An exact transcript is required of the lines below, from the one containing "9月16日,服贸会首钢园6号馆,观众在中医药健康文化体验馆。" through the very last; leave every picture out of it.

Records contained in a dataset
········

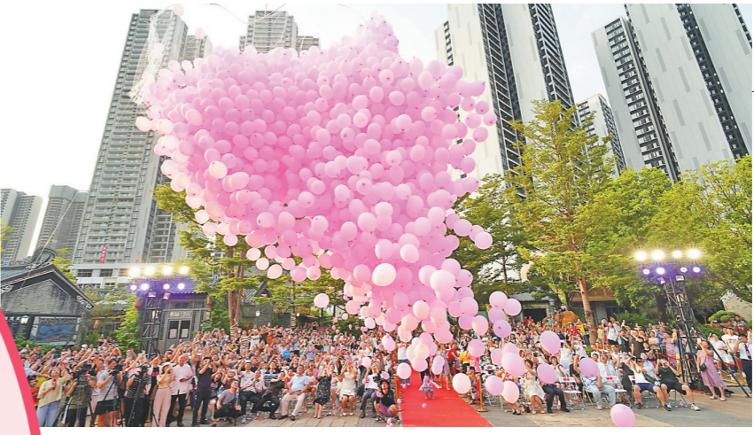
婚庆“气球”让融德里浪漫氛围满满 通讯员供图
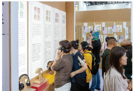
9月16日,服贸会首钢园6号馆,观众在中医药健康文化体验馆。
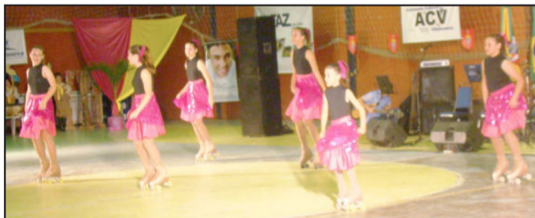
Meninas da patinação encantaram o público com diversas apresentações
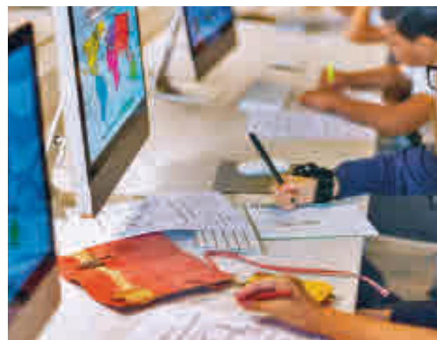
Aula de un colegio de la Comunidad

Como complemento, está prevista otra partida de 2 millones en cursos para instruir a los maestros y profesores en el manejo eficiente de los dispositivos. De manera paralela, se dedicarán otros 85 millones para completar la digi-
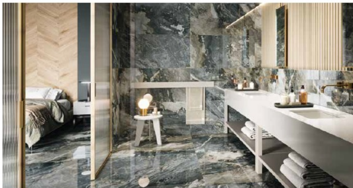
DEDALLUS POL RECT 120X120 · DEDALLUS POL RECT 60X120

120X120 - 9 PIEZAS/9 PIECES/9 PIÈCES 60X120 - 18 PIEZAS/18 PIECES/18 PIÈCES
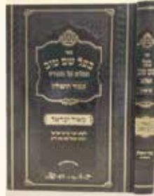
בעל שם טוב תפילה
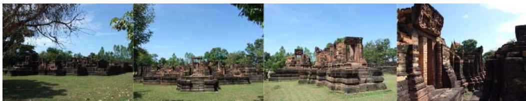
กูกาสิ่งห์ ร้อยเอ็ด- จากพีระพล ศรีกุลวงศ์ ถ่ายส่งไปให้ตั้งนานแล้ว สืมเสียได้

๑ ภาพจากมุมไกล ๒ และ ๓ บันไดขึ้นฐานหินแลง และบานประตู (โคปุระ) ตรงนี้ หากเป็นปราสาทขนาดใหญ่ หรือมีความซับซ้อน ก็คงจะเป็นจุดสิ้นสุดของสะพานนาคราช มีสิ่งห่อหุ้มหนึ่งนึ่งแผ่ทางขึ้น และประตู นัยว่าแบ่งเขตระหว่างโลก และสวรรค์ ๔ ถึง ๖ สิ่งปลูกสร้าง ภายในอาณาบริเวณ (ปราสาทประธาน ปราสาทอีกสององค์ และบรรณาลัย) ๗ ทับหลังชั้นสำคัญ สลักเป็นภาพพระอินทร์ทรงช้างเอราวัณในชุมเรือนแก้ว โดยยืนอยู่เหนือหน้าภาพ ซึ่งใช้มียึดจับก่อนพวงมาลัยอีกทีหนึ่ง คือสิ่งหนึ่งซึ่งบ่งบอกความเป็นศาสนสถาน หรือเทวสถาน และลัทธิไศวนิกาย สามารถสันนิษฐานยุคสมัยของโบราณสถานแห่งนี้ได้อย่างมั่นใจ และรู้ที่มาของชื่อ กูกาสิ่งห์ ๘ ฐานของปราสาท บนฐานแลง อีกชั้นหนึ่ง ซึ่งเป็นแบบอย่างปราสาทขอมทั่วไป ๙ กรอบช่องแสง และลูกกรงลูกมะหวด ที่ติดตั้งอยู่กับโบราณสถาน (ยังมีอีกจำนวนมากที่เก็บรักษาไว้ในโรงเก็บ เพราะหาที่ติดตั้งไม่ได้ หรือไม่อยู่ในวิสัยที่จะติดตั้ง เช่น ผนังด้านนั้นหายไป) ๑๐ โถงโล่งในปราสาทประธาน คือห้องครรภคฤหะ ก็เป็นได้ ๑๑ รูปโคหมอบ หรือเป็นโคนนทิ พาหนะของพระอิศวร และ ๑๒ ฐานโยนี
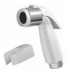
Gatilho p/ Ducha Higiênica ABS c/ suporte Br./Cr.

········

Answer box |
9月16日,服贸会首钢园6号馆,观众在中医药健康文化体验馆。
Meninas da patinação encantaram o público com diversas apresentações
Aula de un colegio de la Comunidad

Como complemento, está prevista otra partida de 2 millones en cursos para instruir a los maestros y profesores en el manejo eficiente de los dispositivos. De manera paralela, se dedicarán otros 85 millones para completar la digi-
DEDALLUS POL RECT 120X120 · DEDALLUS POL RECT 60X120

120X120 - 9 PIEZAS/9 PIECES/9 PIÈCES 60X120 - 18 PIEZAS/18 PIECES/18 PIÈCES
בעל שם טוב תפילה
กูกาสิ่งห์ ร้อยเอ็ด- จากพีระพล ศรีกุลวงศ์ ถ่ายส่งไปให้ตั้งนานแล้ว สืมเสียได้

๑ ภาพจากมุมไกล ๒ และ ๓ บันไดขึ้นฐานหินแลง และบานประตู (โคปุระ) ตรงนี้ หากเป็นปราสาทขนาดใหญ่ หรือมีความซับซ้อน ก็คงจะเป็นจุดสิ้นสุดของสะพานนาคราช มีสิ่งห่อหุ้มหนึ่งนึ่งแผ่ทางขึ้น และประตู นัยว่าแบ่งเขตระหว่างโลก และสวรรค์ ๔ ถึง ๖ สิ่งปลูกสร้าง ภายในอาณาบริเวณ (ปราสาทประธาน ปราสาทอีกสององค์ และบรรณาลัย) ๗ ทับหลังชั้นสำคัญ สลักเป็นภาพพระอินทร์ทรงช้างเอราวัณในชุมเรือนแก้ว โดยยืนอยู่เหนือหน้าภาพ ซึ่งใช้มียึดจับก่อนพวงมาลัยอีกทีหนึ่ง คือสิ่งหนึ่งซึ่งบ่งบอกความเป็นศาสนสถาน หรือเทวสถาน และลัทธิไศวนิกาย สามารถสันนิษฐานยุคสมัยของโบราณสถานแห่งนี้ได้อย่างมั่นใจ และรู้ที่มาของชื่อ กูกาสิ่งห์ ๘ ฐานของปราสาท บนฐานแลง อีกชั้นหนึ่ง ซึ่งเป็นแบบอย่างปราสาทขอมทั่วไป ๙ กรอบช่องแสง และลูกกรงลูกมะหวด ที่ติดตั้งอยู่กับโบราณสถาน (ยังมีอีกจำนวนมากที่เก็บรักษาไว้ในโรงเก็บ เพราะหาที่ติดตั้งไม่ได้ หรือไม่อยู่ในวิสัยที่จะติดตั้ง เช่น ผนังด้านนั้นหายไป) ๑๐ โถงโล่งในปราสาทประธาน คือห้องครรภคฤหะ ก็เป็นได้ ๑๑ รูปโคหมอบ หรือเป็นโคนนทิ พาหนะของพระอิศวร และ ๑๒ ฐานโยนี
Gatilho p/ Ducha Higiênica ABS c/ suporte Br./Cr.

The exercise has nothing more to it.